Figure 8. Evolution of model performance metrics against noise. (Left) Model performance on a linear ground truth function with white noise. (Center) Model performance on experimental data (Case Study III) with white noise. (Right) Model performance on a linear ground truth function with different number of outliers. In artificial datasets with linear ground truth functions (left and right images) x_user was set equal to 0.95 to force the algorithm to continue further in the proposed methodology. When the linear model performance fell under the selected threshold, the algorithm swap to DT models, which rose the performance metrics again, generating a break in the sloping trends.

TABLE 3

Table 3. Evolution of performance (accuracy) of the models generated in different progressive steps of the proposed methodology, applied to noisy variations of the dataset used in Case Study 3.

Presence of Outliers

To evaluate the robustness of our methodology and command library against the presence of outliers in the dataset, we performed the following numerical experiment. Starting with data with a known ground truth function, y(x) = x, we added a white Gaussian noise $N_{1} ~ N (0, σ_{1} = 0.25)$ . Hence, our “experimental” dataset was the collection of random variables $y_{i}^{noise} \sim N (x_{i}, σ)$ . To simulate the existence of n outliers, we superposed a flat Gaussian distribution $N_{2} ~ N (0, σ_{2} ≫ σ_{1})$ , as depicted in Figure 9, and applied the method described in the Algorithm 2.

FIGURE 9

Figure 9. Scheme of the non-arbitrary and statistical methodology proposed to generate outliers, given a known dataset with random error.

ALGORITHM 2:

Algorithm 2: Numerical experiment with simulated outliers.
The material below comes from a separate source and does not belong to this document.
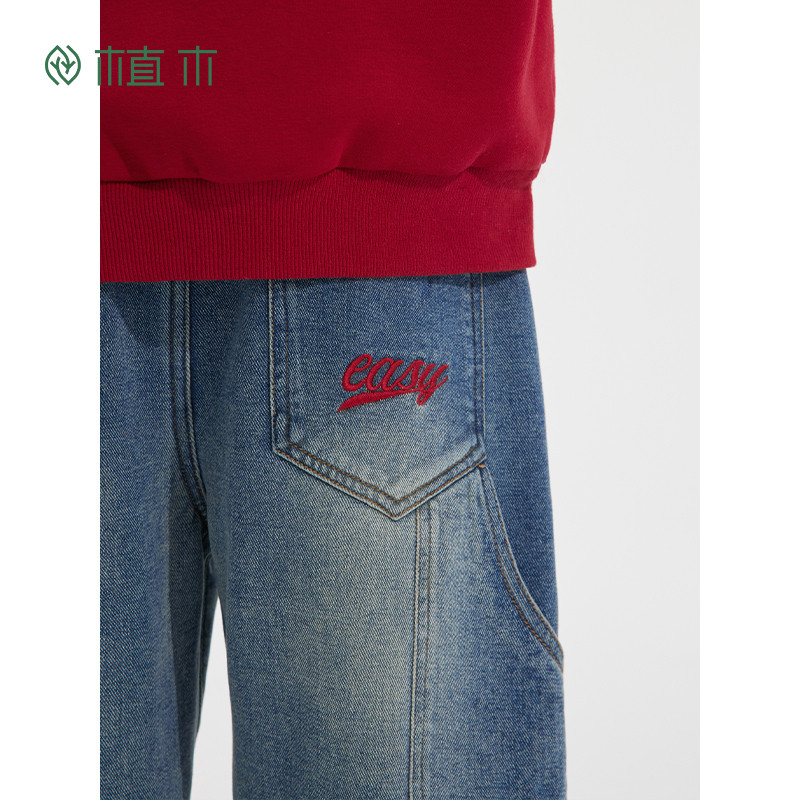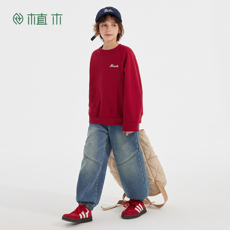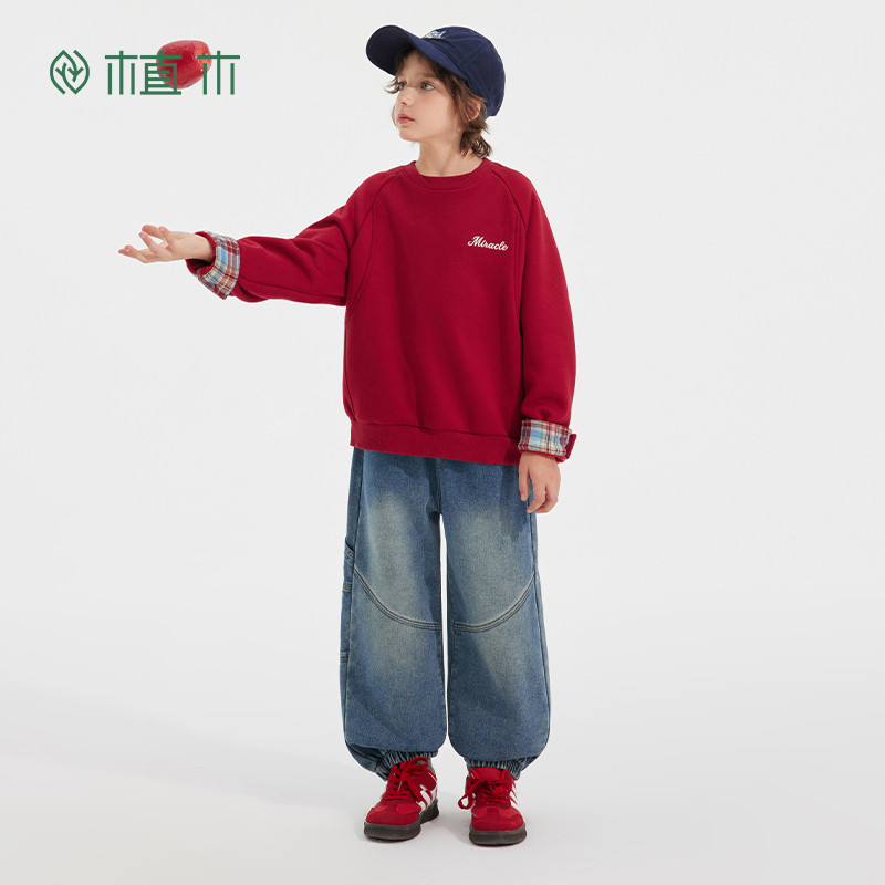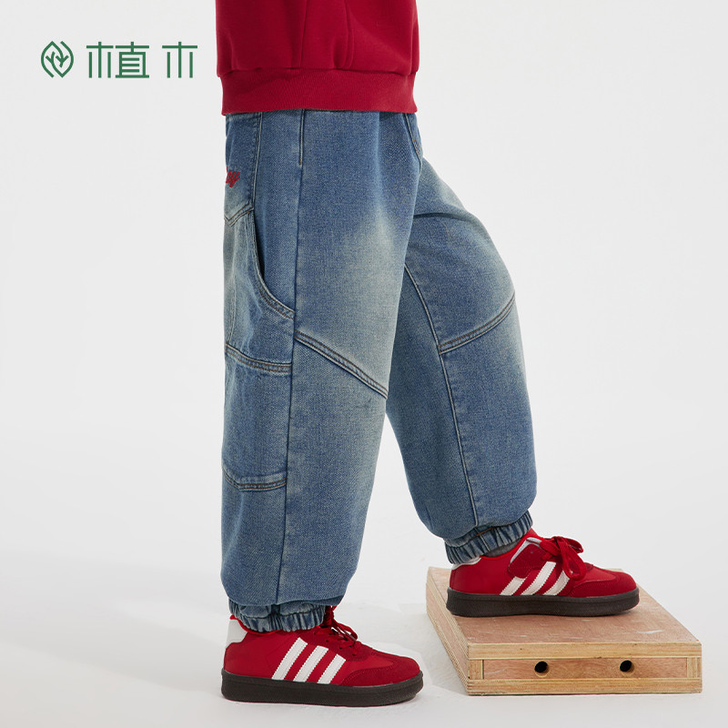 植木童装 儿童裤子2025秋冬新款中大童束脚加绒牛仔裤男童裤子

We simulated different datasets of N = 100 examples, and turned n of them into “outliers,” with n = {1, 5, 10, 15, 20, 25}, as shown in Figure 10. Noticeably, the added outliers modify the nature of the original Gaussian distribution, which is demonstrated by the drift between the identity and the purely statistical regression of the data points as more outliers are added to the dataset. In such sense, those outliers drift considerably from the expected values of the original distribution. Nevertheless, the presence of less than ~10% outliers does not affect the performance of the final model. Even when outliers are not symmetric (see examples with 5, 10, and 15 outliers in Figure 10).

FIGURE 10

Figure 10. Simulated linear dataset with n outliers in 100 data points. The added outliers modify the nature of the distribution, as they make the regression considerably drift from the identity. In such sense, those outliers might not be “pure” in a strict statistical definition (as they depend on the distribution), they drift considerably from the expected values of the original distribution.
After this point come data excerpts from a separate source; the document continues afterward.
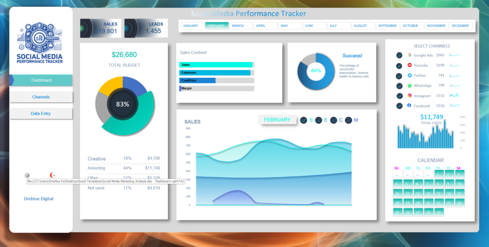 Gain actionable insights with our Microsoft Excel Social Media Performance Tracker—your essential tool for mastering social media metrics and enhancing campaign outcomes. This interactive Excel dashboard allows you to dive deep into specific days or months, empowering you to analyze, optimize, and maximize your social media strategy with precision. Track all key metrics for a complete, easy-to-access view of your performance.
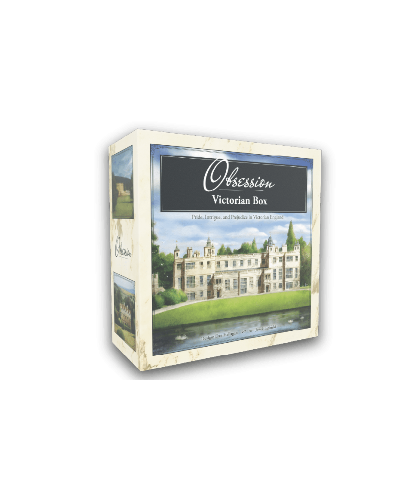 The Victorian Box is designed to hold all Obsession content, including the major expansions Upstairs, Downstairs, Characters, and Wessex. It has 50% more volume and is draped with original artwork on all panels. It also holds promotional content, most insert brands, playmat, universal rules compendium, sleeved cards and tiles, upgraded coins, and custom meeples. The new nesting boxes keep components snug even when stored on its side.
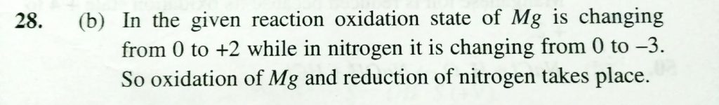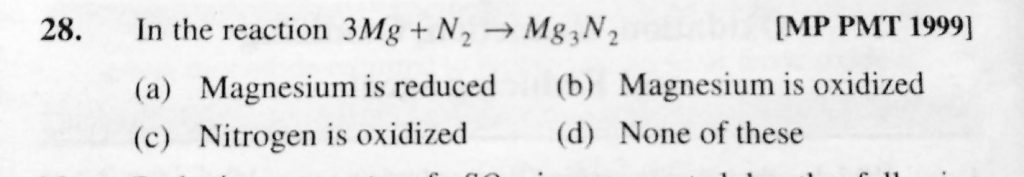 In the reaction 3Mg +N2 gives Mg3N2 (a) Magnesium is reduced (b) magnesium is oxidized (c) nitrogen is oxidized (d) none of these In the reaction 3Mg +N2 gives Mg3N2 (a) Magnesium is reduced (b) magnesium is oxidized (c) nitrogen is oxidized (d) none of these November 23, 2020 Category: Uncategorised (JEE Advanced Physics by BM Sharma + GMP Solutions) , Facebook Messenger WhatsApp Share this:TwitterFacebook Related
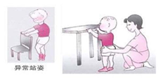 05扶站训练①肌张力低下的孩子:家长用身体支持孩子站立,先固定孩子双足及膝盖,然后双手扶住孩子躯干,若孩子的腰腹肌无力,脊柱不能充分伸展时,则用胸部给予支撑,令其站立。②对于膝关节过伸的孩子,首先对其立位膝关节固定,在其靠墙站立时,家长双手握住双膝,使其前屈,使膝关节得到有效的控制。
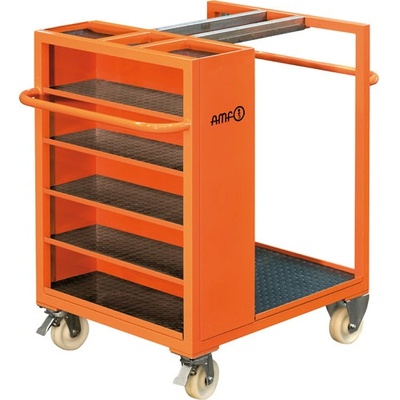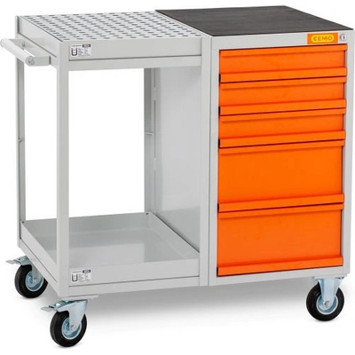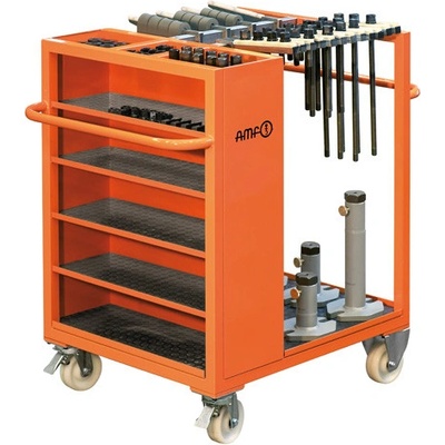 Poznámky: - Robustní ocelová konstrukce - Úložné prostory s gumovými podložkami - na 4 kolečkách (2 z nich s aretační brzdou) - Podle potřeby lze zvolit držáky pro upínky...
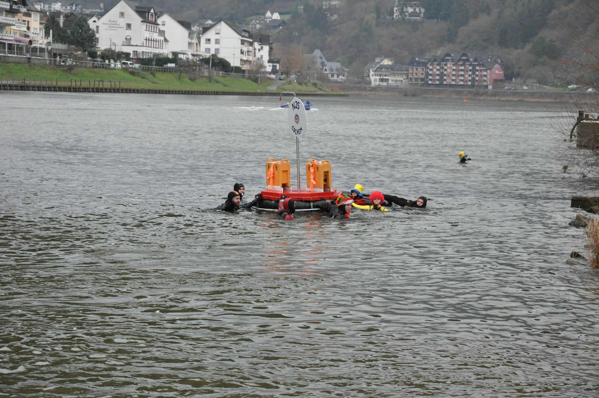 Es gibt sicher einfachere Wege um von Ernst nach Cochem zu kommen, als die Mosel. Beim Neujahrsschwimmen gibt es für die unerschrockenen Neoprenträger keine Alternative. Was muss, das muss und das zum 31. Mal ausgerichtet von der DRK Wasserwacht Cochem. Da am Samstag auch im Rhein bei Düsseldorf "angebadet" wurde, blieb die Mosel von einem großen Ansturm "verschont". Da reichte es auch, dass der Cochemer Stadtbürgermeister Walter Schmitz der Fanfare nur ein "zartes" Hupen als Startsignal entlockte. Zum 30. Mal war Hans-Peter Stein, Technischer Leiter der DRK Wasserwacht Cochem, mit von der Partie. Aber nicht nur er vertrat die Ehre der Steins, denn im Schlepp hatte er seinen Sohn Julian (12), der nach dem Neujahrsschwimmen in der Erft bei Neuss jetzt auch das "Heimspiel" in der Mosel anging. "Jetzt weiß ich, was auf mich zukommt", gab er routiniert vor dem Start zum Protokoll. Aus Neuss waren auch Uschi und Eckhardt Schneider angereist, die den befreundeten Wasserwachtlern beim Ausschenken von wärmendem Kakao halfen - und das am 62. Geburtstag von Eckhardt. "Unsere Wasserwachten sind seit mehr als 20 Jahren befreundet und wir sind auch im kommenden Jahr wieder an der Mosel mit dabei", versprach das Geburtstagskind. Es war im wahrsten Sinne des Wortes eine sehr familiäre Veranstaltung. Das Paradebeispiel ist die Familie Vogt aus Hambuch. Marco und Ingrid hatten in diesem Jahr ihre Tochter Maren fürs Mitschwimmen überzeugt. Die bibberte zwar nach dem Erreichen der Endertmündung in Cochem wie Espenlaub, aber ihre Eltern versicherten ihr, dass die Mosel im vergangenen Jahr "vieeeel kälter" war! Fotos: Pauly

As shown in the right plot of Figure 8, the presence of outliers negatively affects the linearity of the dataset as perceived by the methodology, since linear models do not meet the required performance and the RV-clustering workflow would move forward to DTs and non-linear algorithms. Nevertheless, and once again because of the linearity of the ground truth function, DTs would produce models with outstanding performance, producing a clear break in the sloping trend of the n vs. performance curve of Figure 8 and preventing the algorithm to proceed to the recursive binary splitting stage. When a high number of outliers are expected within the dataset, we recommend to directly proceed to probability-based methods by setting a high x_user threshold.

Degree of Non-linearity of the Input Dataset

To evaluate the robustness of our methodology and command library against the degree of non-linearity of the ground truth function, we simulated different points from the 2-D Rosenbrock function (Rosenbrock, 1960), with parameters a = 5 and b = 2, over the [0, 3]² rectangle. Data for the numerical experiment were randomly extracted from the [0, 3]² rectangle, and a proportional white Gaussian noise was added to resemble experimental conditions. When setting a threshold x_user = 0.9 the dataset would be classified as non-linear, and the methodology would proceed to explore non-linear algorithms for training models. Among the algorithms that produced models with outstanding performance metrics, we found DTs (0.998), Bagging (0.995), Random Forest (0.995), KNN (0.98), and Adaboost (0.95), with an over-fitting assessment of k-cross-validation, k = 10. As expected, given the non-linear nature of the ground truth function of the dataset, the best performing algorithms mentioned above are based on feature analysis, bagging, or boosting. In particular, we expected KNN to be within the outstanding algorithms, given its distance-based generation of predictions, although it occupies only the fourth place among the best predictors.

Visually, we can corroborate that the best models were those based in DTs, Bagging and Random Forest algorithms (see Figure 11). All these models are able to predict extreme values of the function, the local maximum at (0, 3), the valley of minimum values at (x, x²) and the extreme values around (3, 0). Random Forest and Bagging model predictions are smoother than other models and are good to predict function values in sectors with higher slopes and variability. Smoothness in this frame can be interpreted as a measure of the model insensitivity to noise, which points to Random Forest models as the best ones in this respect.

FIGURE 11

Figure 11. Rosenbrock function predictions of each of the different models generated. Direct simulation represents the real ground truth Rosenbrock function.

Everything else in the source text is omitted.